The History of Borders in the Wa Lands
Jianxiong Ma, Hong Kong University of Science & Technology, Hong Kong

Ethnic politics have shaped the society and culture of the Wa as a frontier people since the 14th century between Burma and Yunnan in Southwest China. One aspect of borders in the Wa lands was based on the interpretation of the myth about the head hunting and the Han strategist Kong Ming, which established a symbolic border between the head hunters and the other Han along the transportation routes. Since the 1720s when the Qing government integrated native chieftains into the administrative system, in order to resist the new Han migrants, some tribes in the Wa lands became involved in Lahu religious movements, which marked a new political border between the Wa with the Han and the Dai as well as the newly entitled chieftains. Since the 1880s, the Qing government began to negotiate borders with the British colonial powers until the Five Colors Map was made in 1941. The Wa lands were a problematic frontier forming either a barrier between Han officials and the Dai chieftains, or between the Qing state and the British colonial powers. But the local people also used their frontier identity strategically to cooperate with each other for resistance and to control the flow of commodities such as opium and mines. Thus three ways in which the Burma-Yunnan border can be viewed in the frontier context: as a conduit for interaction with others and interpreting relative identities, as a border between states, and as a border in local ethnic politics.
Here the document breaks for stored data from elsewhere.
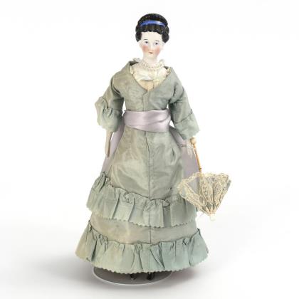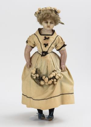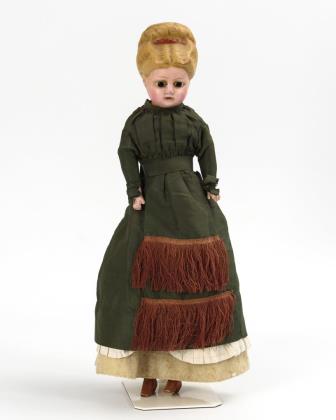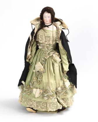 Modellierter Kopf aus Papiermaché, braune Glasaugen, blonde Hochsteckfrisur. Stoffkörper mit Massegliedern. Langes dunkelgrünes Kleid, modellierte Stiefelchen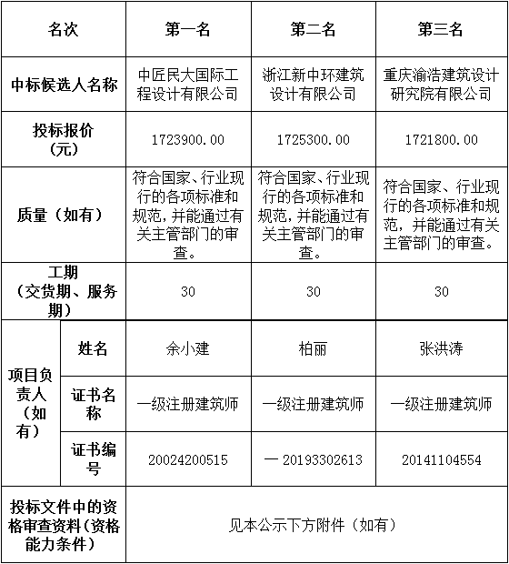 松滋市产城融合及配套基础建设项目初步设计松滋市产城融合及配套基础建设项目初步设计于2022年11月04日在湖北省电子招投标交易平台发布招标公告,2022年11月29日在松滋市开标室(2)开标,并于2022年11月29日完成评标工作。根据评标委员会提交的评标报告,湖北松滋金投置业有限公司已经确认评标结果,现进行评标结果公示。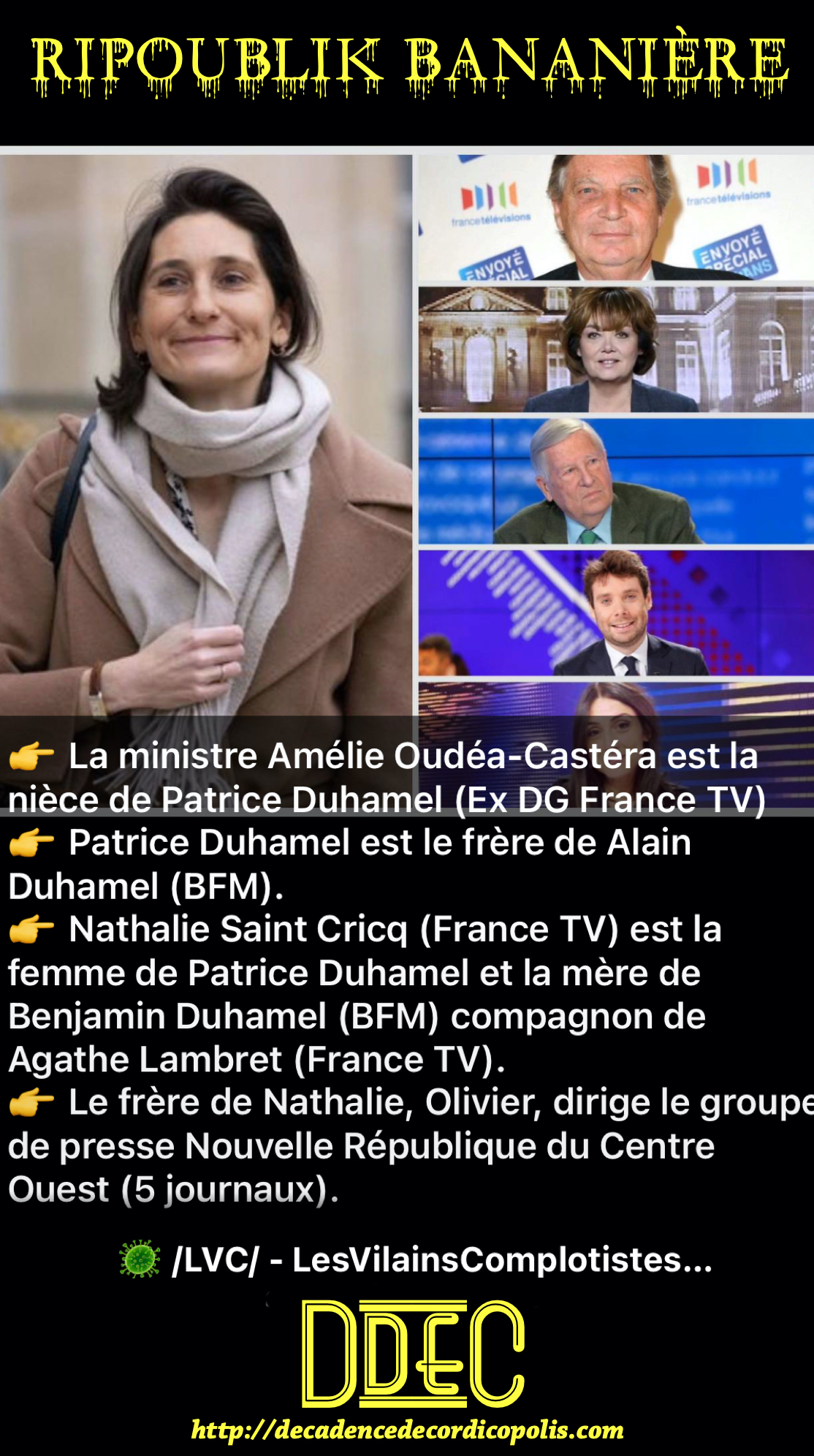 Tous ces liens proches entre politiques, merdias, et autres précieux rouages de la mécanique d’expansion du progressisme de la « ripoublik exemplaire », sont écoeurants et lamentables ! Et je n’évoque même pas le délabrement de la santé publique (a priori, les urgences ne sont plus un souci et ne sont plus débordées !), la décrépitude de l’Éducation Nazionale (nous sommes au top au classement PISA et la sécurité dans les établissements scolaires est assurée) ou la décadence généralisée du monde de l’Art…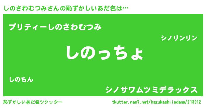 | 料理風あだ名 | 『しのさわむつみごはん』 |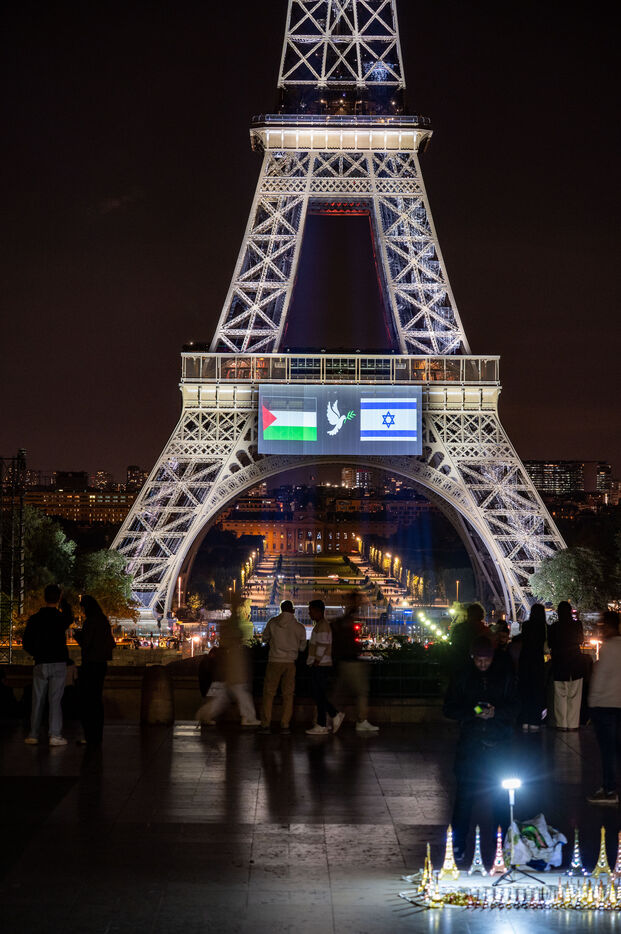 La projection de la mairie de Paris du 21 septembre 2025 sur la Tour Eiffel d'une image réunissant les drapeaux palestinien (G) et israélien (D) avec une colombe tenant un rameau d'olivier, intervient a la veille de la réunion de l'assemblée générale de lONU consacrée a la reconnaissance de l'Etat de Palestine par plusieurs pays dont la France.

Stakeholders at the Sino-Myanmar Border: Who Benefits, Who Borders?
Mart Viirand, University of Edinburgh, United Kingdom

The border is no longer viewed as a line but rather as a social process embedded in various practices of spatiality. However, only a few political geographers, such as Paasi (2009; 2009) have called upon including contextuality as a part of the theory on borders, noting that the way how any institutionalized mechanisms channel and pattern daily lives are always contextual. Furthermore, contextuality is embodied in the continuously changing mixes of ‘past’ and new territorialities, contingent developments and trajectories in local dynamics, wider geopolitics and shifting local/state interests, all in mutual reaction. The context of Myanmar/Burma is a conceptual state with the central power, largely constituted in the Myanmar military, having no full territorial control, particularly over its borderlands with no pre-existing cultural, economic or geographical affiliations. The spatial outcomes are quite specific patchworks of spaces controlled by a multitude of different stakeholders from the state (i.e. Myanmar Army) to various political organizations and militias, some of which have mobilized and others regrouped with shifting interests and in reaction to the geopolitics, politics, trade, business and personal opportunities. The stakeholders also include ’common’ people who use the border for the arrangement of their everyday lives. The paper will study bordering as a process in time and space, focusing on the Sino-Myanmar border and the multitude of different stakeholders who nevertheless all share the skill of creatively negotiating this international boundary. Through this ’common ground,’ the paper tries to find a theoretical framework to studiying borders of various contexts.